This was me in my first trimester... and I ate tons of meat and dairy (I normally am the opposite) I have a very un-scientific theory that whatever you prefer, the pregnancy gods (goddesses) will make you want exactly the opposite in pregnancy.

Fortunately, it changed after my first tri... still eating meat and drinking milk but actually prefer veggies to carbs now. I hope it gets better and you find some veggies you can eat... if not, just take your prenatals and keep the faith.


----------



## BlueIrises (Jul 23, 2006)

Wow, I'm not alone...when I was PG last year with my son I would buy lots of salad stuff and it would just rot in the fridge cause I never made it, just never wanted the taste...here I am 8w PG again and there are all sorts of veggies decomposing in my fridge right now...but unlike last time I really don't want anything...I feel sick all the time although I'm not gagging or throwing up, just my stomach feels weak.
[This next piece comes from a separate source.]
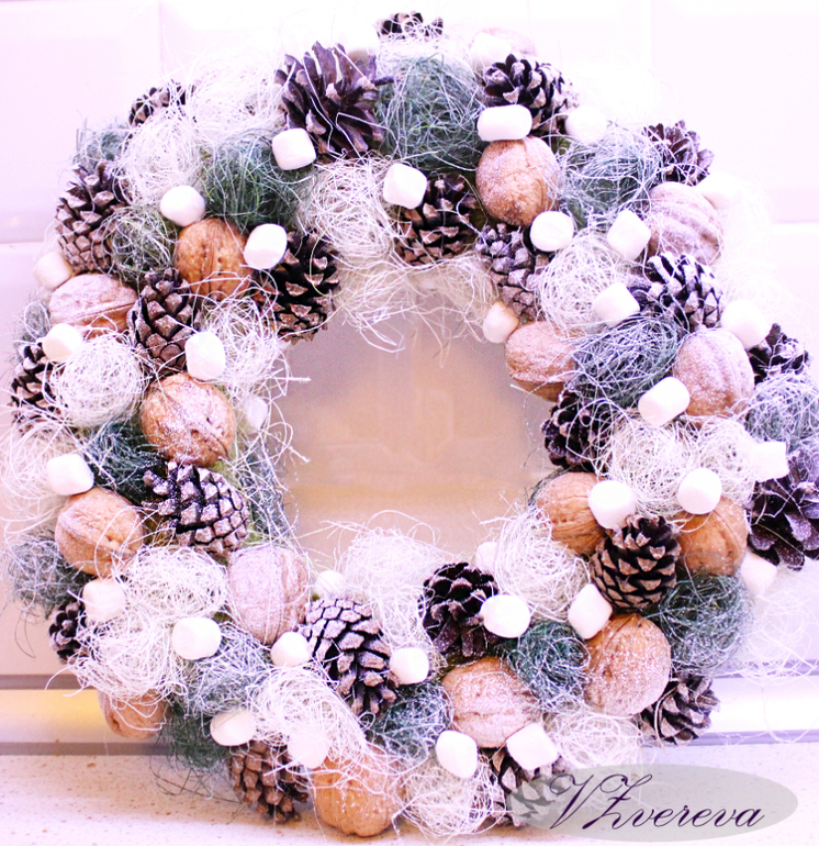 Рождественский венок "Заснеженный зефир"

Last time I wanted hot dogs all the time which is totally gross and wasn't something I had eaten in years prior to my PG, probably not since I was a kid...I needed to eat them and mac and cheese several times a week followed by lots of pasta and mashed potatoes...this time nothing looks good, I have a constant gross taste in my mouth and nausea...I wish there was something I wanted and enjoyed...


----------



## roostery (Jan 23, 2004)

When I was pg with DD1 I couldn't stand veggies. And I was a person who ate leafy greens 2-3 times a day.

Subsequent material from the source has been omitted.